*TASK TO COMPLETE*: Your reply should consist only of the lines from the one with "Heat consumption of" through the end of the entries, transcribed exactly. Pictures stay out.

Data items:
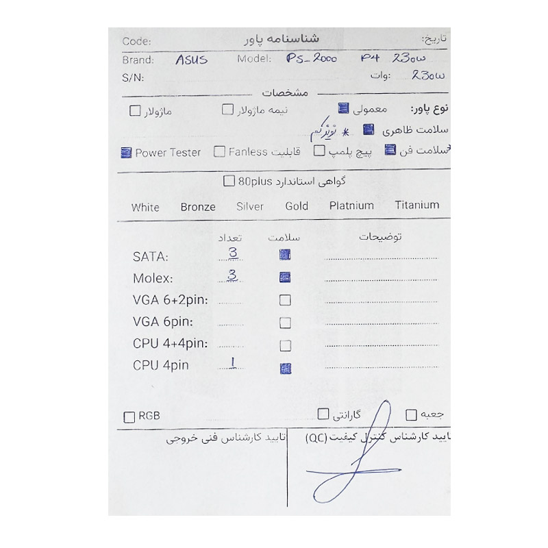 پاور 230 وات ایسوس Asus PS 2000 P4 *استوک
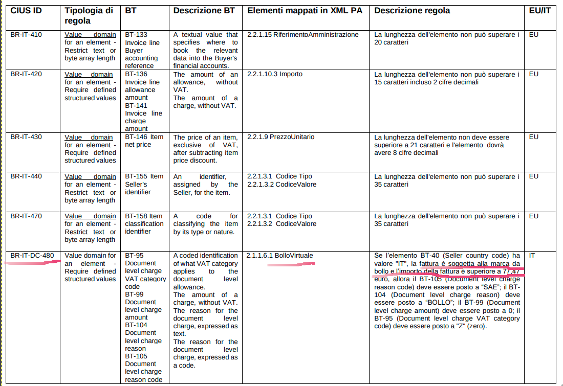 Lo standard europeo EN 16931 permette l’integrazione di estensioni nazionali (chiamate CIUS, Core Invoice Usage Specifications, nel caso nostro si chiama CIUS-IT), per gestire delle peculiarità nazionali (ad esempio l’imposta di bollo che in Italia si applica a molti documenti come ad esempio alcune tipologie di fatture senza iva, o anche il CUP o il CIG).
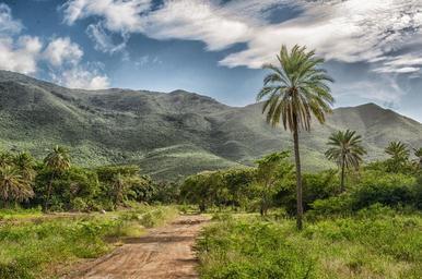 Keywords: margarita landscape scenic mountains valley road palms palm trees grass plants nature outside sky clouds country countryside
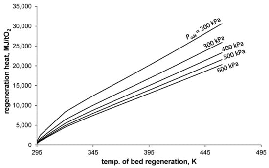 Heat consumption of oxygen separation for different temperatures of bed regeneration and different pressures of adsorption.
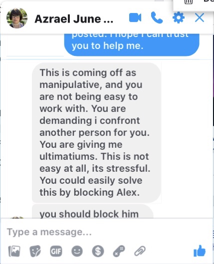The sad little admin took my warning to heart and used it as a means to triangulate her friends against me in her smear campaign, because that’s what you do if you’re a narcissist.

*TASK OUTPUT*:
 Heat consumption of oxygen separation for different temperatures of bed regeneration and different pressures of adsorption.
The sad little admin took my warning to heart and used it as a means to triangulate her friends against me in her smear campaign, because that’s what you do if you’re a narcissist.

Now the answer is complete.